The practice is rated as good for the care of people experiencing poor mental health (including people living with dementia).

  • The practice specifically considered the physical health needs of patients with poor mental health and worked closely with the community mental health teams to ensure patients attended their annual review.

  • The practice had a system for monitoring repeat prescribing for patients receiving medicines for mental health needs.

  • The practice regularly worked with multi-disciplinary teams in the case management of patients experiencing poor mental health, including those with dementia.

  • Patients at risk of developing dementia were identified and offered an assessment; all of these patients had a care plan in place with a copy being given to the patient. The practice had access to direct help from a memory team nurse or telephone advice when needed.

  • The practice carried out advance care planning for patients with dementia.

  • The practice had told patients experiencing poor mental health about how to access various support groups and voluntary organisations.

  • The practice had a system in place to follow up patients who had attended accident and emergency where they may have been experiencing poor mental health.

  • Staff had a good understanding of how to support patients with mental health needs and dementia.

  • The practice used weekly prescriptions and daily dosette systems for some patients to allow close monitoring of their medicine use and good communication with local pharmacists who raised concerns when they had them.

  • There was a practice clinical lead for patients with mental health problems, including those on the Mental Health Register and those with depression, anxiety and other mental health problems. The register was reviewed on a yearly basis to ensure all eligible patients were on it. Annual reviews for patients on the register were undertaken both opportunistically and by active recall.

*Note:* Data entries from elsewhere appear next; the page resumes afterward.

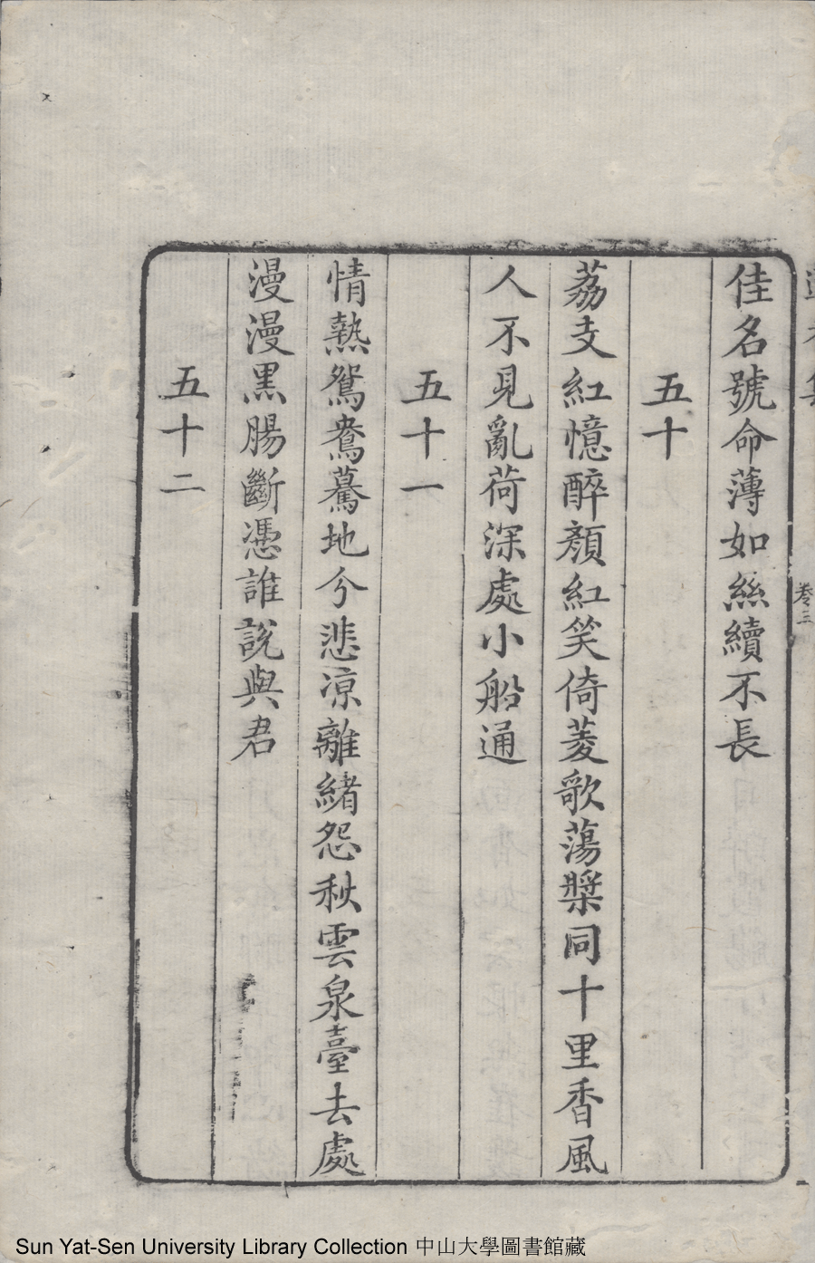 | (PRINT FRIENDLY VERSION) 蓮香集:五卷(明張喬撰)。清乾隆三十年(1765)順德梁釪重刻本 ![]() 頁碼 : 卷三11a | 点 击 放 大 | 蓮香集:五卷(明張喬撰)。清乾隆三十年(1765)順德梁釪重刻本![]() 頁碼 : 卷三10b | 点 击 放 大 | 返回 |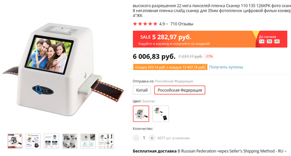 Ну и вот тут хорошая скидка на сканер для фотопленок: цифрует одной кнопкой и скидывает прямо на SD-карту. Если до сих пор не оцифровали старые плёнки - есть шанс это сделать. Неплохая скидка (700 рублей) и есть доставка с российского склада.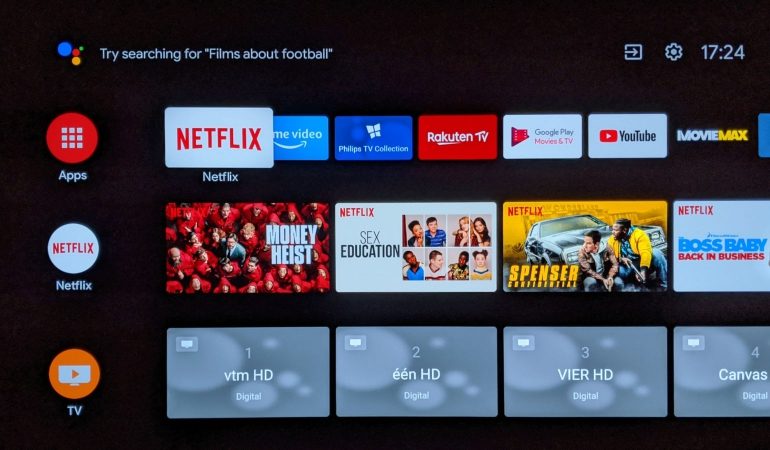 De interface van Android 9 (Pie) organiseert alle content in kanalen die horizontale rijen innemen op het scherm. Deze kanalen kan je zelf aanpassen of verwijderen. Voor een volledig overzicht van de mogelijkheden Android TV 9 verwijzen we je naar ons Android TV 9 achtergrondartikel.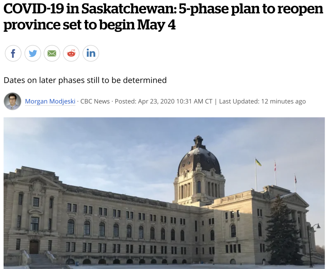 近日,加拿大多个省份出现了重启的意向,其中萨斯喀彻温省最早,宣布5月4日重启,安省省长福特也表示会在最近几天公布重启框架计划。

  • They had an active monitoring system for patients who were attending the treatment room for anti-psychotic injections so that they could identify anyone who missed their regular injections.

  • The practice directed patients needing psychological therapies to a local service ‘Positive Steps’ and encouraged self-referral in order to improve compliance. The practice used the ‘Books on Prescription’ scheme at the local library when patients prefer written material.

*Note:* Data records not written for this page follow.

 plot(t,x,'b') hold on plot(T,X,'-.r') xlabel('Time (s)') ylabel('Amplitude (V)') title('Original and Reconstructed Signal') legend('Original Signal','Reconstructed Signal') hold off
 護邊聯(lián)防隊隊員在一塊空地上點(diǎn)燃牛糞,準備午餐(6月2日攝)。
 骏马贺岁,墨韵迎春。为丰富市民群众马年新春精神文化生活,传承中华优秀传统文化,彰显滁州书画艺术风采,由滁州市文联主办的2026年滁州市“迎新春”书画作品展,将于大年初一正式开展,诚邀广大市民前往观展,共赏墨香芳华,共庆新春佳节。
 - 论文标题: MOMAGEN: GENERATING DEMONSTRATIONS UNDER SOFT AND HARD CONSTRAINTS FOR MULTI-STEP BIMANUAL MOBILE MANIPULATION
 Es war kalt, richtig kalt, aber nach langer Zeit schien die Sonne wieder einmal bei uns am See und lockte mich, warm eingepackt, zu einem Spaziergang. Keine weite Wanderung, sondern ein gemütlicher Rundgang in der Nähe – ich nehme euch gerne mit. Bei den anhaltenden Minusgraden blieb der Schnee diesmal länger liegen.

People whose circumstances may make them vulnerable

Good

Updated 30 November 2016

The practice is rated as good for the care of people whose circumstances may make them vulnerable.

  • The practice held a register of patients living in vulnerable circumstances including homeless people and those with a learning disability. They offered patients with learning disabilities annual health checks either in their own home or at a quieter time at the practice.

  • End of life care was delivered in a coordinated way which took into account the needs of those whose circumstances may make them vulnerable.

  • The practice offered longer appointments for patients with a learning disability.

  • The practice regularly worked with other health care professionals in the case management of vulnerable patients.

  • The practice informed vulnerable patients about how to access various support groups and voluntary organisations.

  • Staff knew how to recognise signs of abuse in vulnerable adults and children. Staff were aware of their responsibilities regarding information sharing, documentation of safeguarding concerns and how to contact relevant agencies in normal working hours and out of hours.

  • They offered a ‘place of safety’ in conjunction with the local police for vulnerable patients who may be lost or in crisis in the community, and this was advertised on the front door of the building.